I do wish the resolution is better, but really only because I believe the sensor to be capable of more accuracy than was engineered in the scale (probably for sake of user friendliness and to err on the side of more stable readings). An interesting thing is the scale of altitude vs pressure: in Baro mode you're limited to seeing changes of 0.05 inHg, but in Alt you can measure 20 feet changes, which works out to about 0.025 change in inHg (I have not worked out the conversions between all the different options in meters vs feet, inHg vs bar etc to figure out which "scale" is the most granular, but it will probably bug me now to figure it out). So, if you REALLY care about tracking the pressure and you're in a fixed location, you can actually get more information out of the altimeter mode than you can the barometer! Plus, some nifty logging features and the history options. If you cared and wanted to do the conversions.


----------



## rouse (Apr 7, 2012)

*Re: how accurate is the barometer and the thermometer?*

most of the attention on accuracy seems to have surrounded the altimeter and the thermometer, and the practical weaknesses of these. what about the barometer? i have a pathfinder 2000 and the barometer reading seems to be about 2 kPa off (based on the local weather conditions report). the manual says that the barometer is factory calibrated and should not need calibraion. should i calibrate it manually? do other casio owners find the same thing?


----------



## Sedi (May 21, 2007)

*Re: how accurate is the barometer and the thermometer?*



jeepcoma said:


> First you must start with a known altitude, or a starting reference point. From there, you can measure the change in altitude relative to that point, accepting that you're also factoring in changes due to weather conditions. The latter part is very important and affects all pressure-based altitude calculations equally, including the Suunto (they do offer more features such as enhanced reporting resolution and conveniences such as altitude lock, but do not have more inherent accuracy in the sensor).


This is probably the most important part to keep in mind - it's really not a question of accuracy of the sensors - my Protreks and my Suunto show the same absolute pressure. But the implementation is very different.
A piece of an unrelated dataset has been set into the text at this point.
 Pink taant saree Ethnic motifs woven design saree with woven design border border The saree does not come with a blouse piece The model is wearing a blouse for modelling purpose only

I got great results while on vacation just a few days ago by using the logging feature of my PAW-500. I started the recording session when leaving my home - 1st calibrating the altimeter of course. Then stopped the session when reaching my destination - all I then did was to recalibrate to the last recorded altitude stored in memory when travelling back - reaching home again the height was correct within a range of +/-5m. My Suunto X-Lander can't do any better (of course it doesn't have alti-lock either). Still I wish they at least would implement MSLP - then I can live just fine without the alti-lock (just takes a little more effort in calibrating). I have to say however that the altimeter in the X-Lander updates faster than the one in the PAW-500 - tried it once while travelling by car (I was not the driver :-d) and having one on the left and one on the right wrist.

cheers, Sedi


----------



## ThomAsio (Feb 26, 2010)

*Re: how accurate is the barometer and the thermometer?*



xevious said:


> Thomas, do you have any information on how Tissot is capable of being more accurate than Protrek? Also, how would you compare it to Suunto?
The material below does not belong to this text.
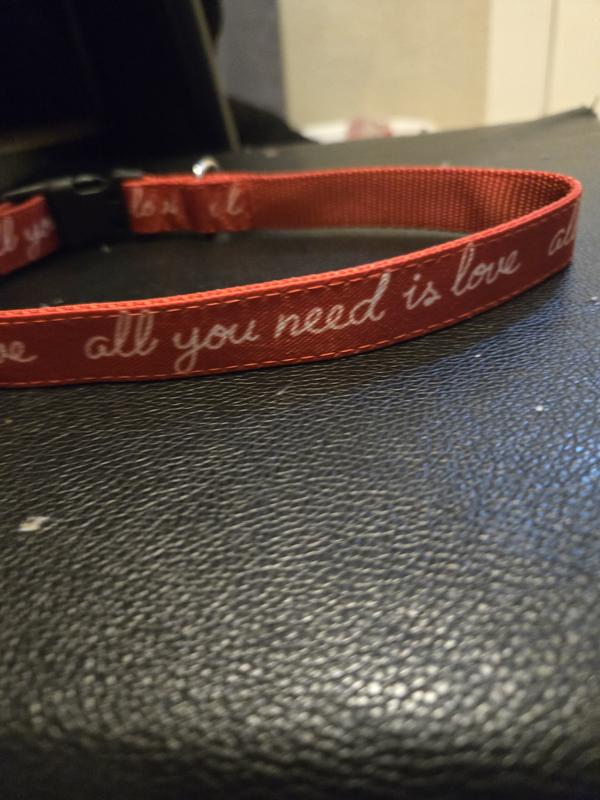 Frisco Valentine's All You Need Is Love Dog Collar, S: 10 to 14-in neck, 5/8-in wide

I havent tried a Suunto, they're not my cup of tea. I've been through several of the Suunto manuals though. I _think_ several Suunto's get around the problem with a manual alti lock, which of course is no better than if the user remember to turn it on and off. They also have sealevel compensation - which basically just is a calculation of what the air pressure would be at sealevel, despite one being up in, say, the mountains. The major advantage of this, is they _can_ be easier to calibate - provided one have the actual local sealevel pressure from another source.

Other Suunto's seems to do what the T-Touch Expert also do: They simply measures airpressure very often, I guess it's about once each 5 minutes or so, and if they registrer a fast pressurechange, they consider it a altitude change. And slow changes are considered a weatherchange. A challenge here, is if the weather suddenly get very rough fast - then the barometer change can be dramatically, but the watch usually will consider it a altitude change. The T-Touch Expert have the option of choosing a climate zone, which I believe will increase the watch ability to interpret these changes correctly. Dont know about Suunto.
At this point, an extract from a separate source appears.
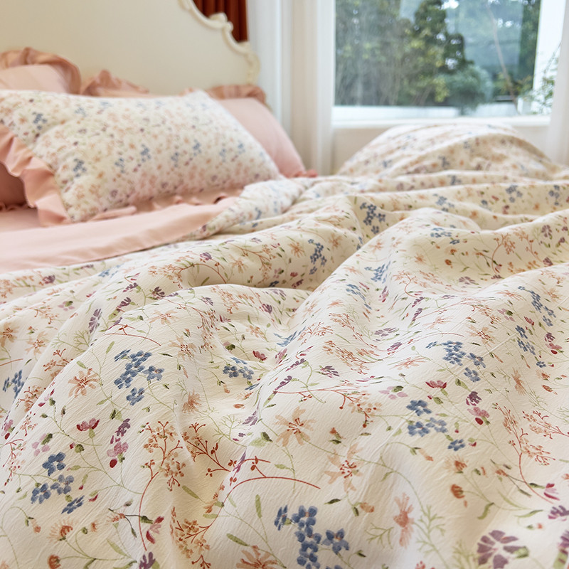 (总)梦莱斯 2025新款云感木棉皱皱双层纱全棉花边四件套,百福蓝,春风里,薄荷微凉,春晓,豆蔻,蝴蝶梦,可颂,兰黛,山野栀子,素颜,太妃糖,心动,遇见,芝士奶酪,紫爱心,紫苏,花园兔,蜡笔画,小黑兔,白茶-绿,初恋,莱茵河畔,桃花诺

I dont think T-Touch II have this kind of baro locks. A downside of these constant pressure measurings, is battery drain, and I'll bet that's why Casio havent made such things - they swear to solar... I'm still on my first battery in my Expert (13-14 months now), and have no clue on how long it will last. But I wouldnt mind to have the option of disabling the auto altimeter lock, in order to save battery.

But no matter what, all of these relatively simple barometers found in wristwatches, all share one problem: If you change altitude simultanously with a pressure change due to weather, the watch can only do it wrong - likely for oth alti and baro, if you are lucky, it only fails in one category ;-)


----------



## Sedi (May 21, 2007)

*Re: how accurate is the barometer and the thermometer?*



ThomAsio said:


> They also have sealevel compensation - which basically just is a calculation of what the air pressure would be at sealevel, despite one being up in, say, the mountains. The major advantage of this, is they _can_ be easier to calibate - provided one have the actual local sealevel pressure from another source.


You can also calibrate it using a know altitude and it will then calculate the current sea-level pressure based on absolute pressure and temperature. So you need only either one of those values to calibrate it exactly.

cheers, Sedi


----------



## dmmartindale (Mar 26, 2010)

*Re: how accurate is the barometer and the thermometer?*

You may be comparing your Casio (which reports "station pressure", the pressure at the watch location) with a pressure that has been adjusted to sea level. Pressure values from weather stations and airport control towers are adjusted to sea level, not local pressure.

Some watches display sea level pressure. You may be able to get them to display local pressure by setting the altitude to zero. Some altimeter watches can display both pressures at the same time. Make sure you are comparing to a station pressure value.

I have two Casio altimeter watches. One agrees with all my other altimeters, within 1 mbar, when all are displaying local pressure. The other watch is about 4 mbar off.

Dave


----------